I smiled, deeply amused by both the idea and the fact that Halston had made this guess.
“I see, I’m wrong again. Why don’t you tell me? You know I’m not a genius. If we wait for me to guess right, it could take years.”
“I think about my cousin sometimes.”
“Your uncle’s daughter?”
“No. My cousin Julie. She’s my uncle’s brother’s daughter.”
“Also a first cousin?”
“Yes.”
“Is that a secret? That you have fantasies about her?”
“Sure.”
“Okay. Our time’s up. I’ll see you tomorrow. If you remember anything about the ice cream, let me know then.” He smiled. “That’s your homework.”
That night my uncle came home early for diner, a rare occurrence during the week. My aunt and I usually ate at different times, more to avoid each other than because of our schedules, so it was an exceptionally rare event for all three of us to eat together.
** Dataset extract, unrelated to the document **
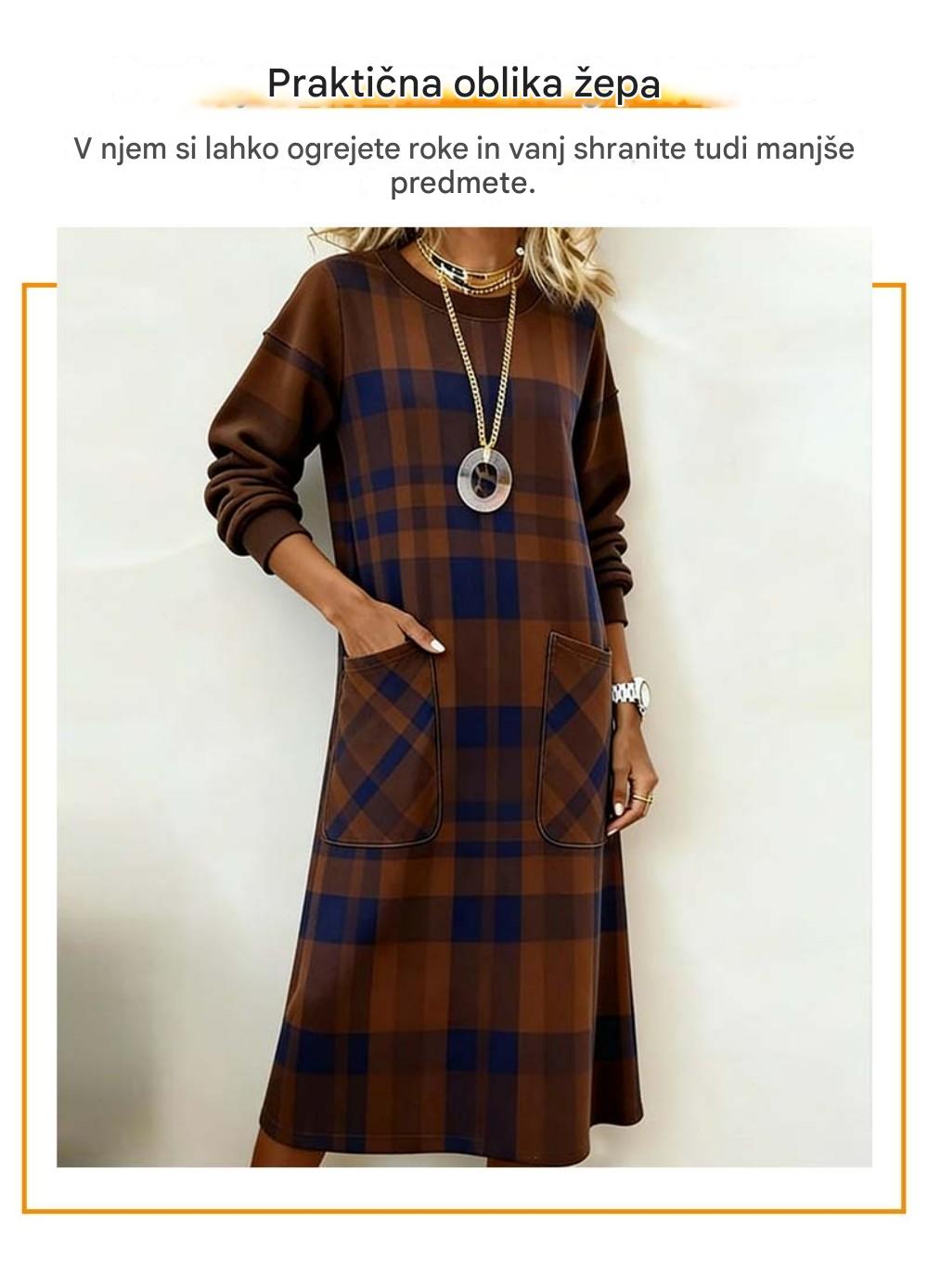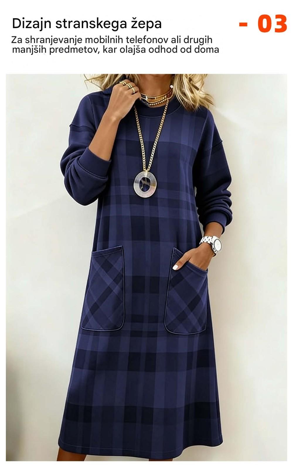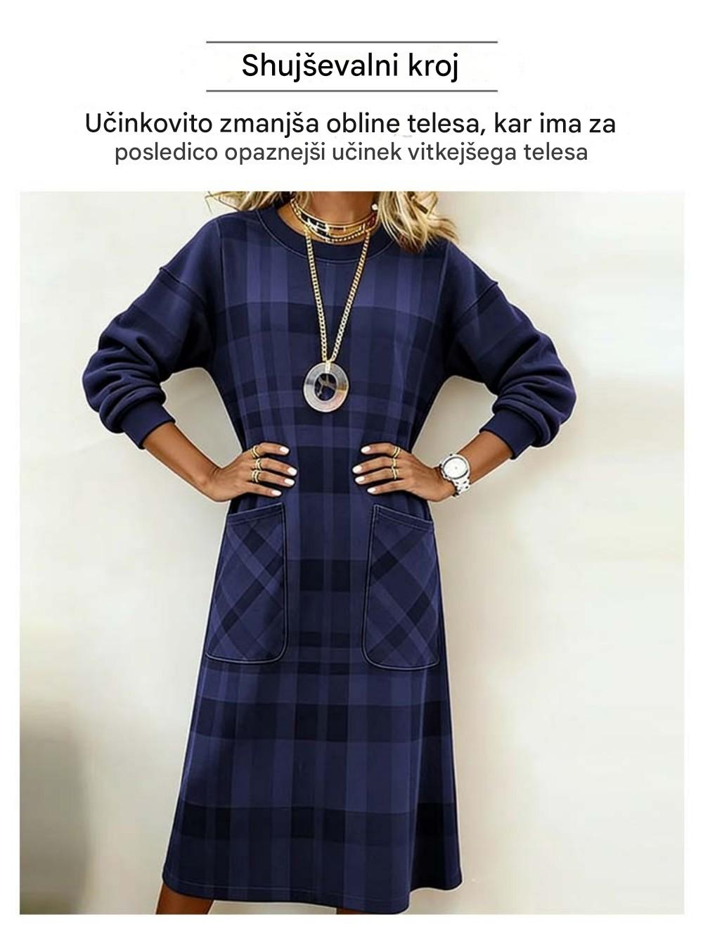 【S-3XL】Sukienka damska w kratę z długim rękawem na jesień i zimę

I was feeling pretty good after my day at school and my talk with Halston. I saw the beauty and logic of his plan. It took less effort lying when there was at least one person to tell the truth to. Besides, I wasn’t really lying except by omission, thanks to the muteness. I also had an idea of what I could do to cure myself, thanks to what I thought was Halston’s pointed questions about my sexual fantasies. I was a virgin — that was my problem. I loved women and had done nothing about it. That would make anyone nuts.
Claire, the middle-aged black woman who cooked and served me alone when there was no company, gave us a simple meal of lamb chops, asparagus, and mashed potatoes. When she left, Uncle asked, “How was school?”